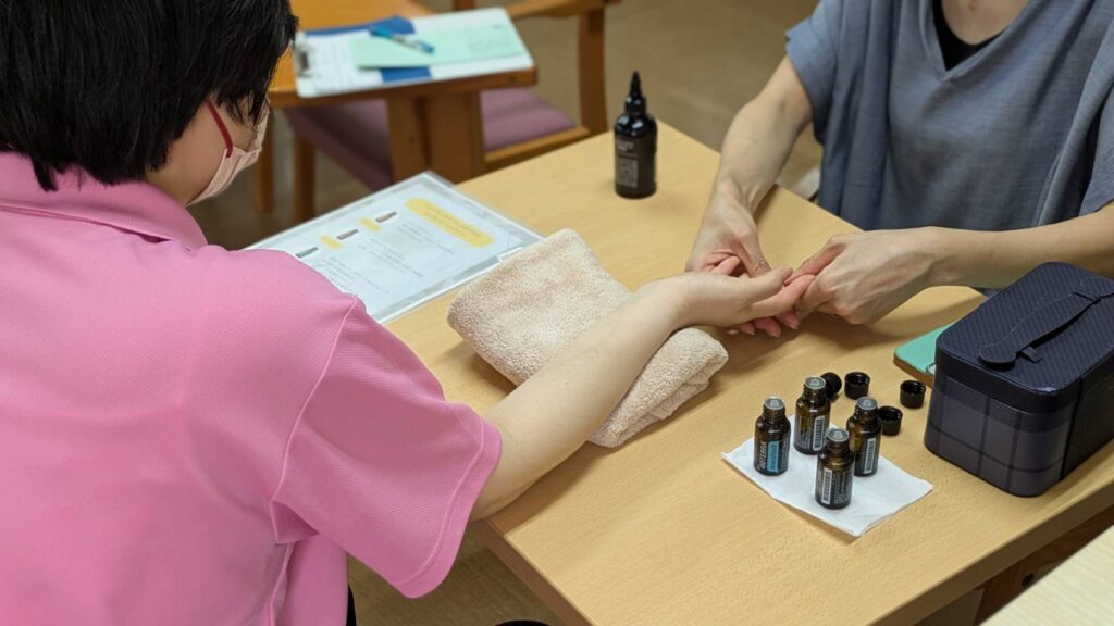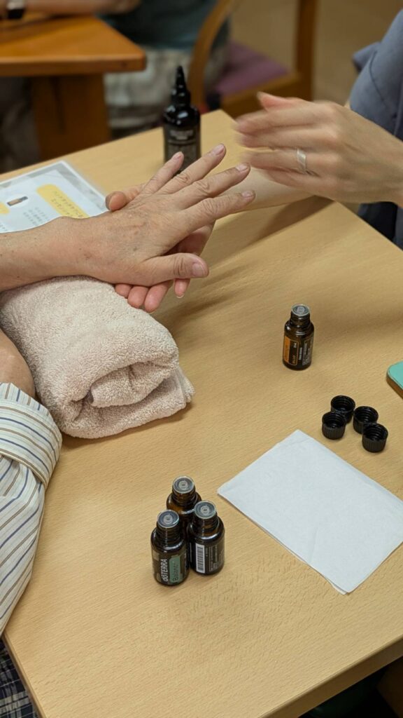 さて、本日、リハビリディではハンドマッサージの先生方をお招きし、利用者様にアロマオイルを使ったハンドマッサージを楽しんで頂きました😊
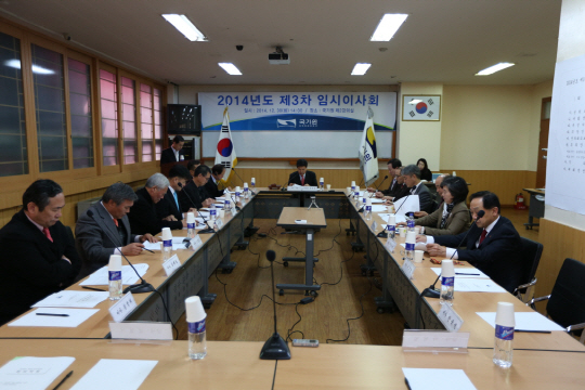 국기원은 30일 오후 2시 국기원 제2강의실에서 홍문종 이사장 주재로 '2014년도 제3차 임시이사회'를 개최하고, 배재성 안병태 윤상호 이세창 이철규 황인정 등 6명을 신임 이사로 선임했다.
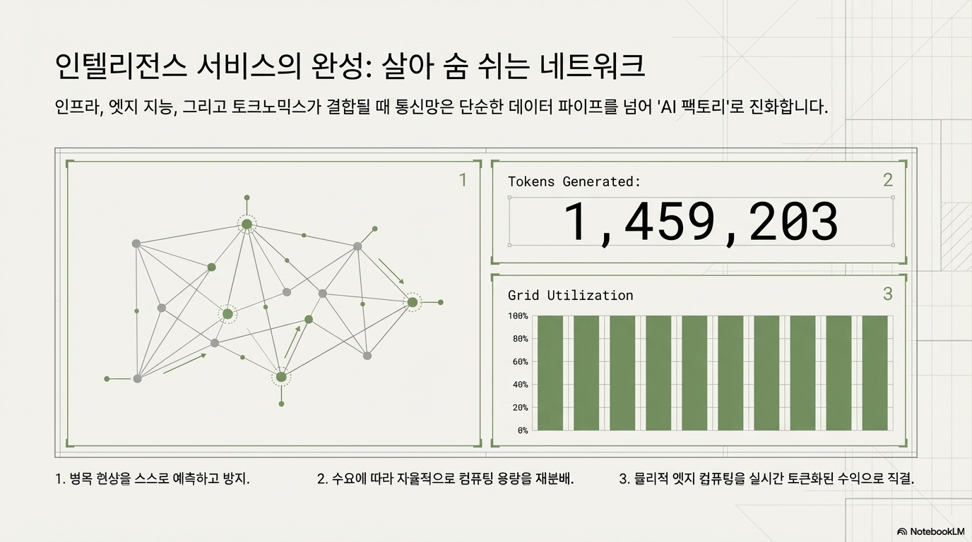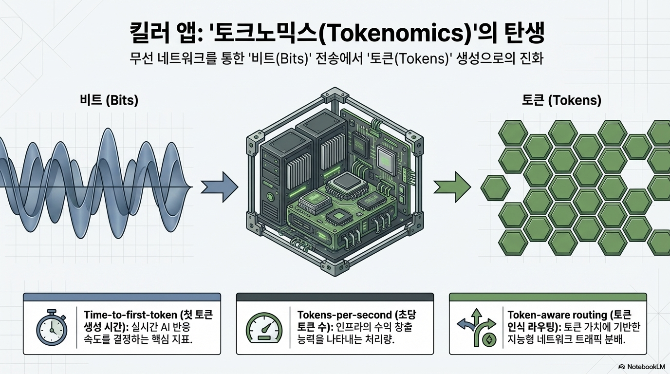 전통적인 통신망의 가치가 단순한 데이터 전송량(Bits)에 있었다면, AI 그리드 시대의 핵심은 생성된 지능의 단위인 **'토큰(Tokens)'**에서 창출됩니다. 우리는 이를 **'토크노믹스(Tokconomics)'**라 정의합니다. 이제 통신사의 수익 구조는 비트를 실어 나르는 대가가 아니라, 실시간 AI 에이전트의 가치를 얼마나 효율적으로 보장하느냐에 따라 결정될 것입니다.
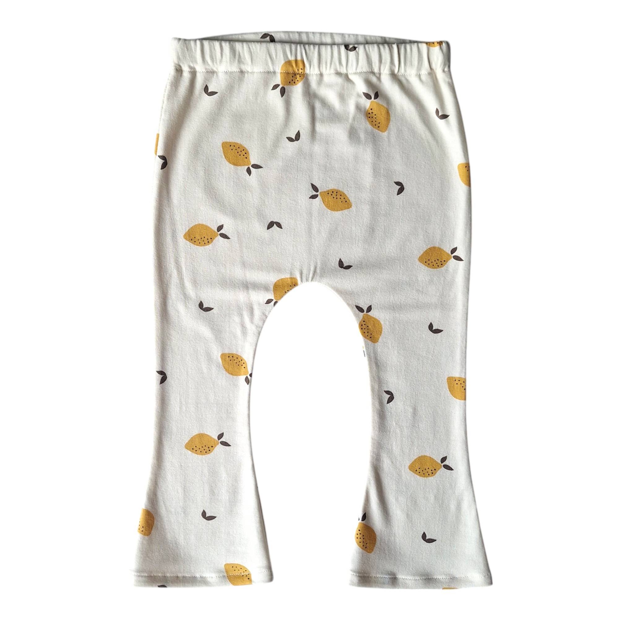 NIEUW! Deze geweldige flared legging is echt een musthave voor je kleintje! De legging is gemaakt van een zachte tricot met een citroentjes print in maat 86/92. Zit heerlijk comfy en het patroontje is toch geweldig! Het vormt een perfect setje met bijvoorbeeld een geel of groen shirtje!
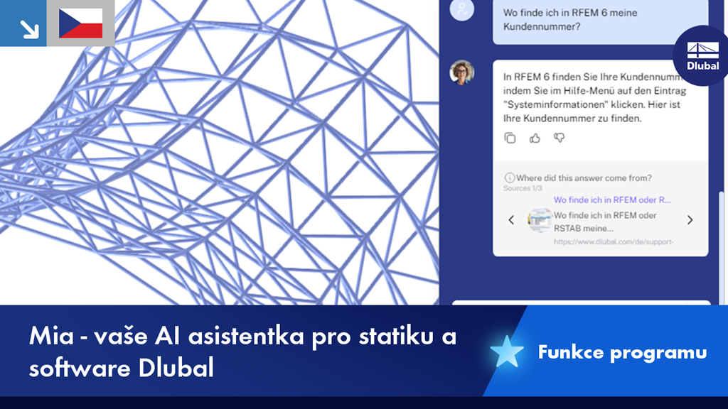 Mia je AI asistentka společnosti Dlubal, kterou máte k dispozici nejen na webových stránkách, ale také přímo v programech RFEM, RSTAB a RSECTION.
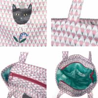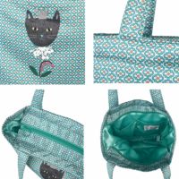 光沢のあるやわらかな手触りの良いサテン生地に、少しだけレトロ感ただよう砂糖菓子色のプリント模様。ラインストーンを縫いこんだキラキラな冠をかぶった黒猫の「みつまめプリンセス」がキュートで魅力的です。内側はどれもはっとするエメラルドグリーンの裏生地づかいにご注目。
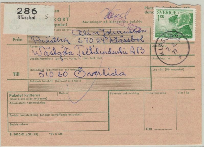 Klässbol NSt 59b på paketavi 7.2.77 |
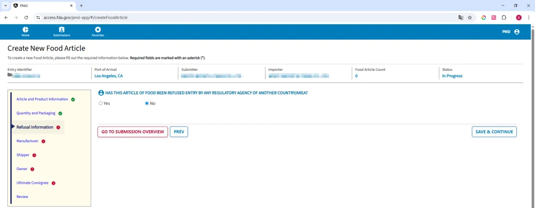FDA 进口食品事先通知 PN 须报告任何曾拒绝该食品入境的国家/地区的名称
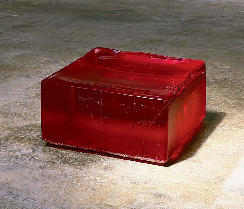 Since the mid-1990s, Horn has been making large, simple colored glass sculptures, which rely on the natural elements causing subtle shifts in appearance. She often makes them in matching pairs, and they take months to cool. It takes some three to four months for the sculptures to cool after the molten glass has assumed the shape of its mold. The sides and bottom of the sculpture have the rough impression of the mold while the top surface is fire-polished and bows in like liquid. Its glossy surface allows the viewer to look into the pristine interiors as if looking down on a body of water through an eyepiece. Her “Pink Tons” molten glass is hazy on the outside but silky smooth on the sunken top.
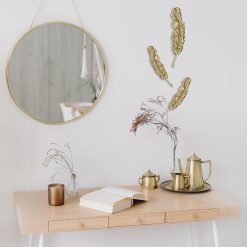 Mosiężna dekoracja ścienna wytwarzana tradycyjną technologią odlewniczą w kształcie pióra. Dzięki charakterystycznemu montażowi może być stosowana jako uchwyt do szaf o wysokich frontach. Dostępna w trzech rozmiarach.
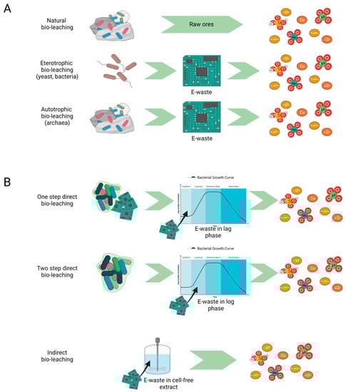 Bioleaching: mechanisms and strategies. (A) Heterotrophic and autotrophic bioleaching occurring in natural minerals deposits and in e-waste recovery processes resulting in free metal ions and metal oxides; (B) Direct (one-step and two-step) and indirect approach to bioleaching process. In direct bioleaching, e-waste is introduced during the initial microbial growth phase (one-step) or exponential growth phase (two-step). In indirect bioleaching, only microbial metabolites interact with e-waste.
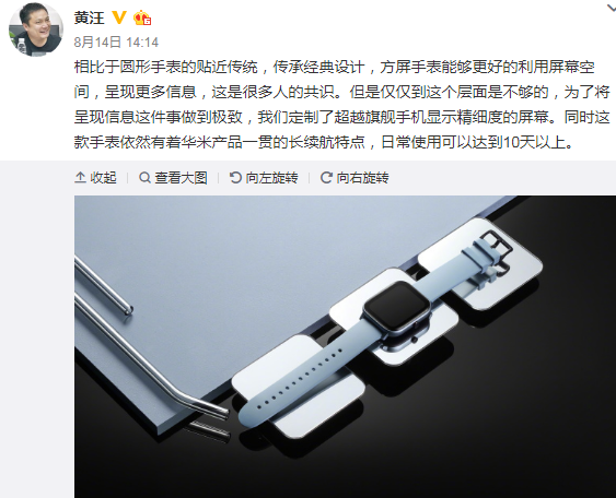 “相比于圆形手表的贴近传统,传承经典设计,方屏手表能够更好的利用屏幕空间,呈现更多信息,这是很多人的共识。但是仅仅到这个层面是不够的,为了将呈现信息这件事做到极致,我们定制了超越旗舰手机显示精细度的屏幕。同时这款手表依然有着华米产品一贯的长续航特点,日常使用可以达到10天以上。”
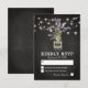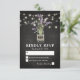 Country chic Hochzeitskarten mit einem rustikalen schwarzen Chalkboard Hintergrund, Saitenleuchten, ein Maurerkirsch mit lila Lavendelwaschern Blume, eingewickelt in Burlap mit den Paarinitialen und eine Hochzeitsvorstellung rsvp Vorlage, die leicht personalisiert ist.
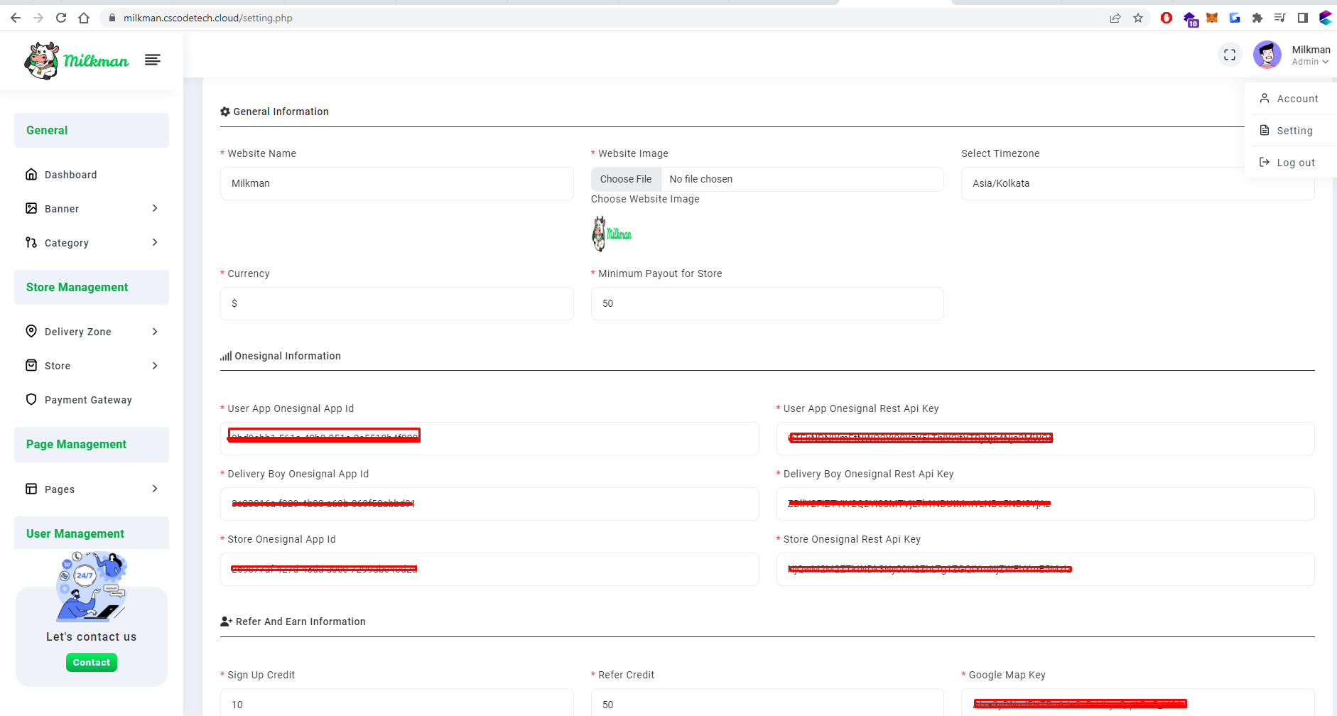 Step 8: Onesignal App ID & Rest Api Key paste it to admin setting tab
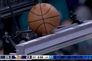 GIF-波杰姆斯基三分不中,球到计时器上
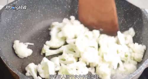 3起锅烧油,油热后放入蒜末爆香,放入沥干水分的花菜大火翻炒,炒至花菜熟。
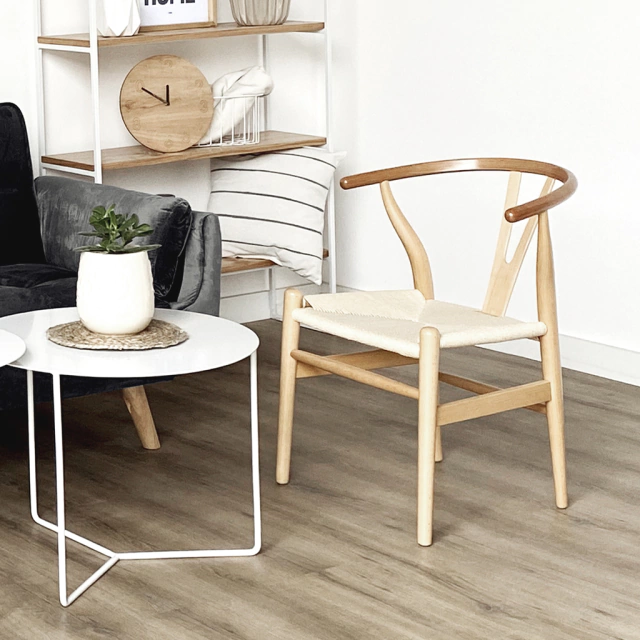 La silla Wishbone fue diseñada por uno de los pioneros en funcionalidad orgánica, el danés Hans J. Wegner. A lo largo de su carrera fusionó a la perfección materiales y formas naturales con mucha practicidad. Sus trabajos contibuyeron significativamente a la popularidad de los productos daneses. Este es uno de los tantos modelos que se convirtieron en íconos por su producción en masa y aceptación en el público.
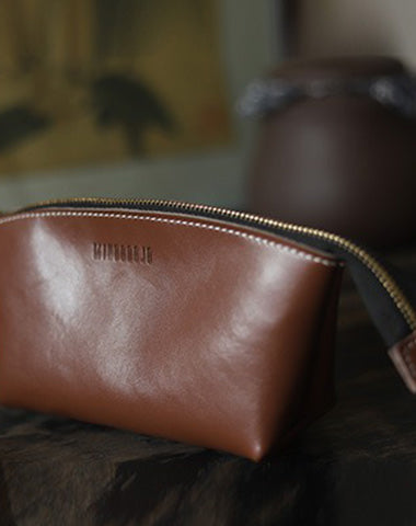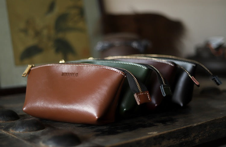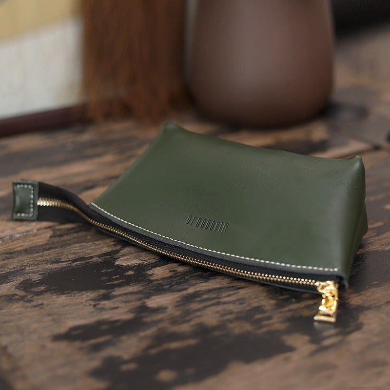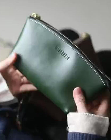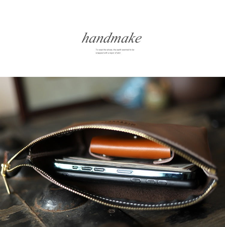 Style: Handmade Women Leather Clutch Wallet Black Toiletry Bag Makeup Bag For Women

▶ **Work task**
Only the pictures are to be left out; print everything else in the listing exactly.

▶ **Solution for this task**
 さて、本日、リハビリディではハンドマッサージの先生方をお招きし、利用者様にアロマオイルを使ったハンドマッサージを楽しんで頂きました😊
 국기원은 30일 오후 2시 국기원 제2강의실에서 홍문종 이사장 주재로 '2014년도 제3차 임시이사회'를 개최하고, 배재성 안병태 윤상호 이세창 이철규 황인정 등 6명을 신임 이사로 선임했다.
 전통적인 통신망의 가치가 단순한 데이터 전송량(Bits)에 있었다면, AI 그리드 시대의 핵심은 생성된 지능의 단위인 **'토큰(Tokens)'**에서 창출됩니다. 우리는 이를 **'토크노믹스(Tokconomics)'**라 정의합니다. 이제 통신사의 수익 구조는 비트를 실어 나르는 대가가 아니라, 실시간 AI 에이전트의 가치를 얼마나 효율적으로 보장하느냐에 따라 결정될 것입니다.
 NIEUW! Deze geweldige flared legging is echt een musthave voor je kleintje! De legging is gemaakt van een zachte tricot met een citroentjes print in maat 86/92. Zit heerlijk comfy en het patroontje is toch geweldig! Het vormt een perfect setje met bijvoorbeeld een geel of groen shirtje!
 Mia je AI asistentka společnosti Dlubal, kterou máte k dispozici nejen na webových stránkách, ale také přímo v programech RFEM, RSTAB a RSECTION.
 光沢のあるやわらかな手触りの良いサテン生地に、少しだけレトロ感ただよう砂糖菓子色のプリント模様。ラインストーンを縫いこんだキラキラな冠をかぶった黒猫の「みつまめプリンセス」がキュートで魅力的です。内側はどれもはっとするエメラルドグリーンの裏生地づかいにご注目。
 Klässbol NSt 59b på paketavi 7.2.77 |
FDA 进口食品事先通知 PN 须报告任何曾拒绝该食品入境的国家/地区的名称
 Since the mid-1990s, Horn has been making large, simple colored glass sculptures, which rely on the natural elements causing subtle shifts in appearance. She often makes them in matching pairs, and they take months to cool. It takes some three to four months for the sculptures to cool after the molten glass has assumed the shape of its mold. The sides and bottom of the sculpture have the rough impression of the mold while the top surface is fire-polished and bows in like liquid. Its glossy surface allows the viewer to look into the pristine interiors as if looking down on a body of water through an eyepiece. Her “Pink Tons” molten glass is hazy on the outside but silky smooth on the sunken top.
 Mosiężna dekoracja ścienna wytwarzana tradycyjną technologią odlewniczą w kształcie pióra. Dzięki charakterystycznemu montażowi może być stosowana jako uchwyt do szaf o wysokich frontach. Dostępna w trzech rozmiarach.
 Bioleaching: mechanisms and strategies. (A) Heterotrophic and autotrophic bioleaching occurring in natural minerals deposits and in e-waste recovery processes resulting in free metal ions and metal oxides; (B) Direct (one-step and two-step) and indirect approach to bioleaching process. In direct bioleaching, e-waste is introduced during the initial microbial growth phase (one-step) or exponential growth phase (two-step). In indirect bioleaching, only microbial metabolites interact with e-waste.
 “相比于圆形手表的贴近传统,传承经典设计,方屏手表能够更好的利用屏幕空间,呈现更多信息,这是很多人的共识。但是仅仅到这个层面是不够的,为了将呈现信息这件事做到极致,我们定制了超越旗舰手机显示精细度的屏幕。同时这款手表依然有着华米产品一贯的长续航特点,日常使用可以达到10天以上。”
 Country chic Hochzeitskarten mit einem rustikalen schwarzen Chalkboard Hintergrund, Saitenleuchten, ein Maurerkirsch mit lila Lavendelwaschern Blume, eingewickelt in Burlap mit den Paarinitialen und eine Hochzeitsvorstellung rsvp Vorlage, die leicht personalisiert ist.
 Step 8: Onesignal App ID & Rest Api Key paste it to admin setting tab
 GIF-波杰姆斯基三分不中,球到计时器上
 3起锅烧油,油热后放入蒜末爆香,放入沥干水分的花菜大火翻炒,炒至花菜熟。
 La silla Wishbone fue diseñada por uno de los pioneros en funcionalidad orgánica, el danés Hans J. Wegner. A lo largo de su carrera fusionó a la perfección materiales y formas naturales con mucha practicidad. Sus trabajos contibuyeron significativamente a la popularidad de los productos daneses. Este es uno de los tantos modelos que se convirtieron en íconos por su producción en masa y aceptación en el público.
 Style: Handmade Women Leather Clutch Wallet Black Toiletry Bag Makeup Bag For Women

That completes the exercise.